Rafael Utrera Macías

Los espectadores de Bienvenido Mr. Marshall, la celebérrima película de Luis García Berlanga, cuando comienzan a salir las imágenes, oyen la voz de un narrador:

-Pues, señor, érase una vez un pueblo español, un pueblecito cualquiera, y sucedió que, una mañana, precisamente esta mañana… pero, no… creo que antes deben ustedes familiarizarse con sus casas, con sus habitantes, con sus costumbres... (…)

Antes de que termine la proyección, volveremos a oír al narrador (voz de Fernando Rey), quien, nuevamente, incide en las costumbres de los habitantes de Villar del Río, y nos informa, entre otras cosas, de que las mujeres siguen cosiendo en silencio y los hombres trabajando la tierra con un arado tirado por vacas, no sin advertirnos que las vacas…. no mascan chicle… Y, colorín, colorado, este cuento se ha acabado.
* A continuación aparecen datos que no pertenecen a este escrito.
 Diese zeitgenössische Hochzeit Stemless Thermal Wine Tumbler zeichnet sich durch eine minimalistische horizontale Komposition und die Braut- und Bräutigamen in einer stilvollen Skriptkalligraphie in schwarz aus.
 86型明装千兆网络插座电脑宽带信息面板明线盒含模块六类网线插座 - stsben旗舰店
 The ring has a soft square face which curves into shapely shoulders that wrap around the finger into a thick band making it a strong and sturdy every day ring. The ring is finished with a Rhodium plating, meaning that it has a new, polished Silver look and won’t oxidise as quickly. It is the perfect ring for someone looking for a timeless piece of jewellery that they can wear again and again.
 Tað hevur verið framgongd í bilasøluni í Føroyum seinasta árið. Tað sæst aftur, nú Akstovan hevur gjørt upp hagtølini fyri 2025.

Berlanga y sus guionistas ofrecieron una historia ejemplar; para ello no se privaron de una voz omnisciente y de las oportunas fórmulas pertenecientes a la vieja historia de los cuentos y de la narrativa popular, con principio, “…érase una vez…”, y, con final, “colorín, colorado, este cuento…”.

Abriendo y cerrando con frases hechas, consagradas por las costumbres populares, el director acuña el término “cuento” para catalogar su película. Así lo entendemos y así lo aceptamos, de manera que las costumbres de Villar del Río ejecutadas monótonamente a diario, sazonadas ahora con la esperada llegada de los americanos, debe funcionar en el entendimiento del receptor como una fabulilla cuyo final se dará de bruces con la más dura realidad cotidiana. Pero esta, ya es otra historia.
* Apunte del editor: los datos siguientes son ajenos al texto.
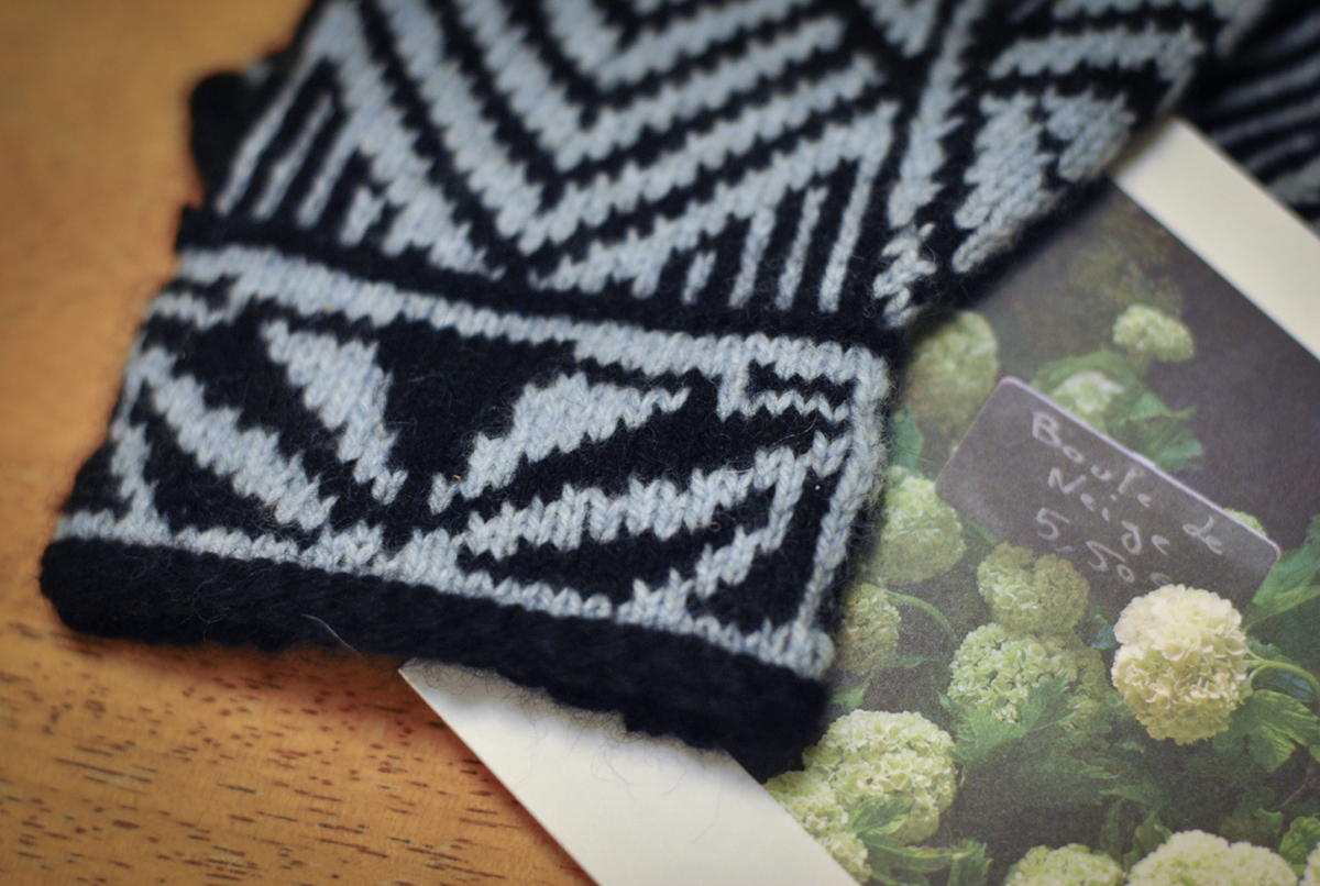 The Jazz Age Mittens are inspired by the fabulous geometric designs of the Art Deco period.

La Real Academia Española de la Lengua define el término “cuento” como “narración breve de ficción”, “relato generalmente indiscreto de un suceso” o “relación de un suceso falso o de pura invención”; y ello, sin entrar en variantes coloquiales como “…ese tiene mucho cuento…” o “…eso es un cuento chino…”. “Cuentos” rebasa, en esta ocasión, su significado literal, según lo entiende y define la Lengua y la Literatura, y amplía, en una plural connotación, sus múltiples formas y heterogéneas variantes: poemas, piezas para teatro breve, guion literario catalogado como “novela-film”, narración breve, colaboración periodística, capítulo de novela, poema en prosa, etc., etc.
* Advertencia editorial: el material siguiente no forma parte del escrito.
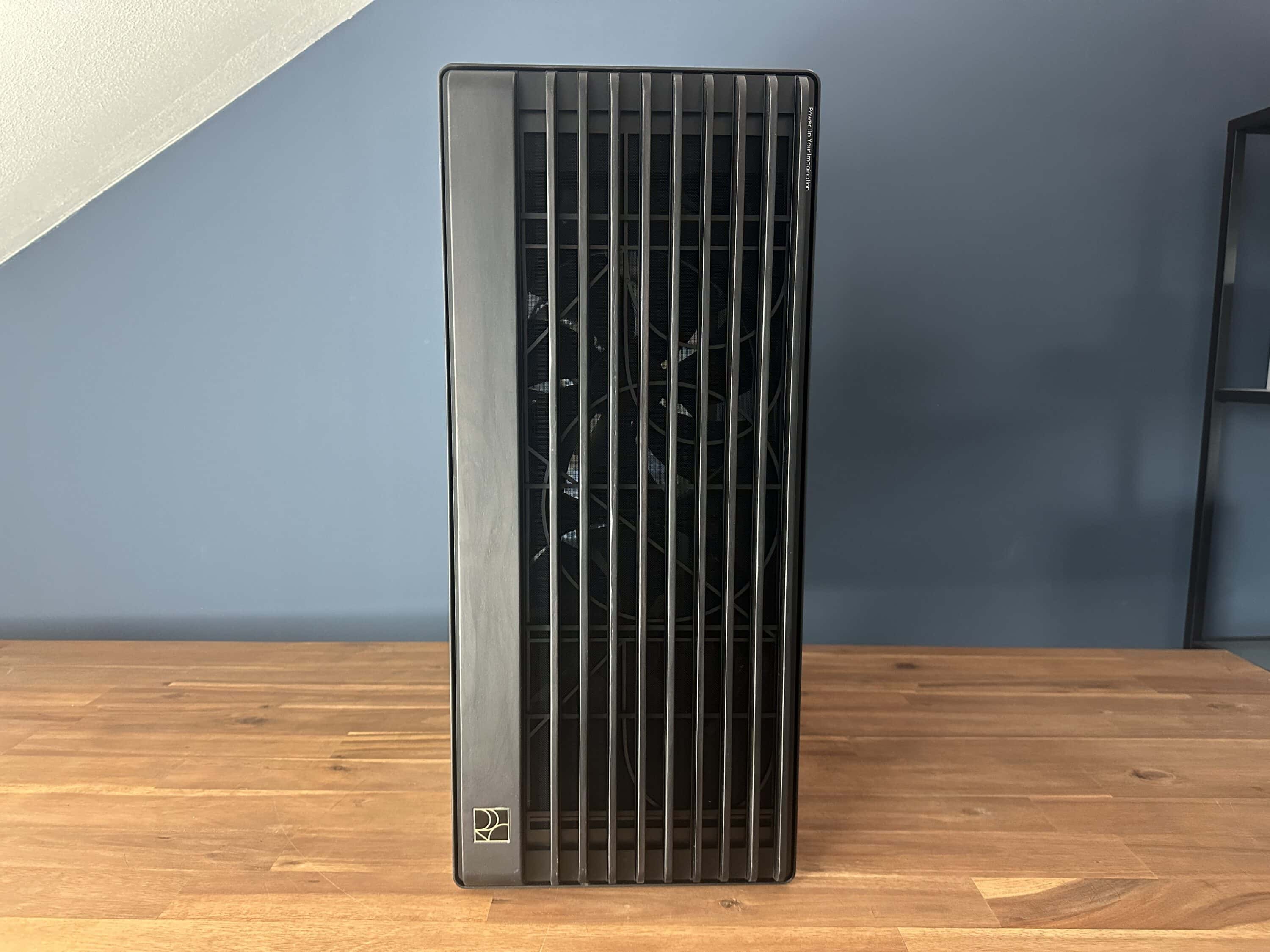 Die Frontpartie kombiniert Funktionalität mit Design. Ein großflächiger, offener Grill sorgt für eine gute Luftzufuhr, während Holzstreben die Struktur optisch auflockern. Unten links befindet sich ein dezentes ProArt-Logo, während oben rechts der Schriftzug „Power Up Your Imagination“ eingraviert ist. Die abgerundeten Außenkanten verleihen dem Gehäuse zudem eine eigene, stilvolle Note.

Lo que pretendemos ofrecer a los lectores de Criticalia es una serie de comentarios sobre “relatos”, “cuentos”, en el más amplio sentido del término, cuya temática general en sus correspondientes episodios, se sirvieron del cine; fueron escritos por autores que, en mayor o menor proximidad, estuvieron cercanos al nacimiento del nuevo espectáculo y se interesaron, de modos muy diversos, ya en su favor, ya en su contra, por el desarrollo del mismo. Sus escritos (todos podrían empezar con “érase una vez…” y terminar, cómica, dramática, o, poéticamente, con ese popular “colorín, colorado”) y nuestras explicaciones, están referidas a los siguientes autores:

Manuel Machado (“Vagamente”), Rubén Darío (“Films de París”), Ramón Pérez de Ayala (“La vieja y la niña”), Vicente Blasco Ibáñez (“La vieja del cinema”), Serafín y Joaquín Álvarez Quintero (“Una película del Quijote”), Ricardo Baroja (“Arte, cine y ametralladora”), Ramón Gómez de la Serna (“Boda seguida de divorcio”), Luis Buñuel (“Hamlet”), Pío Baroja (“El poeta y la princesa o el cabaret de la cotorra verde”), Azorín (“El primer gesto”), Eduardo Zamacois (“Una escena magistral”), Luisa Muñoz de Buendía (“Rueda el amor”), Federico García Lorca (“La muerte de la madre de Charlot”), Ramón J. Sender (“En los funerales de Chaplin”), Francisco Ayala (“Polar Estrella”) y Rafael Porlán Merlo (“Juicio Final de Greta Garbo”).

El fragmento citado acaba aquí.